DIRECTIONS FOR THIS TASK
Could you copy the records below exactly, leaving out any pictures they include?

[Start of section]

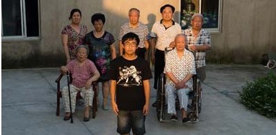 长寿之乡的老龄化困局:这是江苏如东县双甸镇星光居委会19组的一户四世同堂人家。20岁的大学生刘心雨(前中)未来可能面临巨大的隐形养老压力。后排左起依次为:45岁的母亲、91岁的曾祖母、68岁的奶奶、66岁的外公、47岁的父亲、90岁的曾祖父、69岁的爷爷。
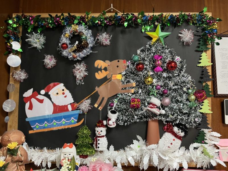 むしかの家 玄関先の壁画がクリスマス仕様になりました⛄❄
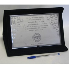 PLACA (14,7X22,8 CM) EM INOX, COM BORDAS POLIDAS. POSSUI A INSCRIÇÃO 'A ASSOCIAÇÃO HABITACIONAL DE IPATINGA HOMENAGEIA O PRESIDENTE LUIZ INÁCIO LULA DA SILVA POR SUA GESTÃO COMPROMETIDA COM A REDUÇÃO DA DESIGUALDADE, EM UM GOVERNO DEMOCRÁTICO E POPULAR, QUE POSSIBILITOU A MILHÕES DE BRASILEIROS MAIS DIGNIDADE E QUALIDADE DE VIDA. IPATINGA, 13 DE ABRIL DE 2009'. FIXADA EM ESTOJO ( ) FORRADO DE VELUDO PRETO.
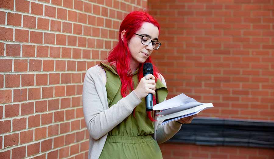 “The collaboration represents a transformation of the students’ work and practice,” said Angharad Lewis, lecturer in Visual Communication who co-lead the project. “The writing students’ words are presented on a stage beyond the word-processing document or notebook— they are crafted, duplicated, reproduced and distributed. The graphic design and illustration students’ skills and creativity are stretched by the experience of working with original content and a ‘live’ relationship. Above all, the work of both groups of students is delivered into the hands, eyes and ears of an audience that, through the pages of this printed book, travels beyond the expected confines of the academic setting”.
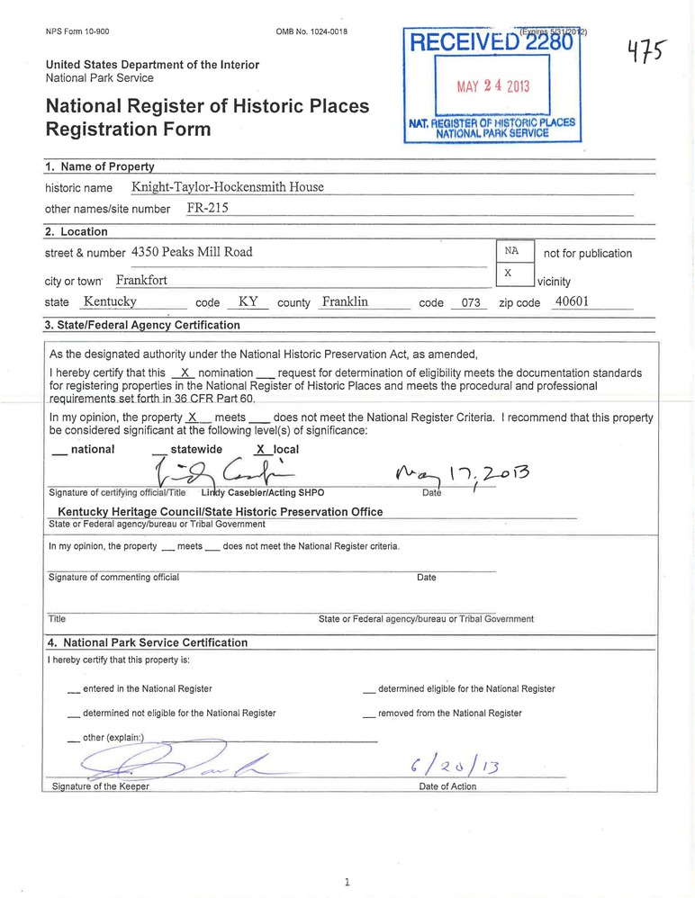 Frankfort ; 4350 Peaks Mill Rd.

[End of section]

ANSWER SECTION
 长寿之乡的老龄化困局:这是江苏如东县双甸镇星光居委会19组的一户四世同堂人家。20岁的大学生刘心雨(前中)未来可能面临巨大的隐形养老压力。后排左起依次为:45岁的母亲、91岁的曾祖母、68岁的奶奶、66岁的外公、47岁的父亲、90岁的曾祖父、69岁的爷爷。
 むしかの家 玄関先の壁画がクリスマス仕様になりました⛄❄
 PLACA (14,7X22,8 CM) EM INOX, COM BORDAS POLIDAS. POSSUI A INSCRIÇÃO 'A ASSOCIAÇÃO HABITACIONAL DE IPATINGA HOMENAGEIA O PRESIDENTE LUIZ INÁCIO LULA DA SILVA POR SUA GESTÃO COMPROMETIDA COM A REDUÇÃO DA DESIGUALDADE, EM UM GOVERNO DEMOCRÁTICO E POPULAR, QUE POSSIBILITOU A MILHÕES DE BRASILEIROS MAIS DIGNIDADE E QUALIDADE DE VIDA. IPATINGA, 13 DE ABRIL DE 2009'. FIXADA EM ESTOJO ( ) FORRADO DE VELUDO PRETO.
 “The collaboration represents a transformation of the students’ work and practice,” said Angharad Lewis, lecturer in Visual Communication who co-lead the project. “The writing students’ words are presented on a stage beyond the word-processing document or notebook— they are crafted, duplicated, reproduced and distributed. The graphic design and illustration students’ skills and creativity are stretched by the experience of working with original content and a ‘live’ relationship. Above all, the work of both groups of students is delivered into the hands, eyes and ears of an audience that, through the pages of this printed book, travels beyond the expected confines of the academic setting”.
 Frankfort ; 4350 Peaks Mill Rd.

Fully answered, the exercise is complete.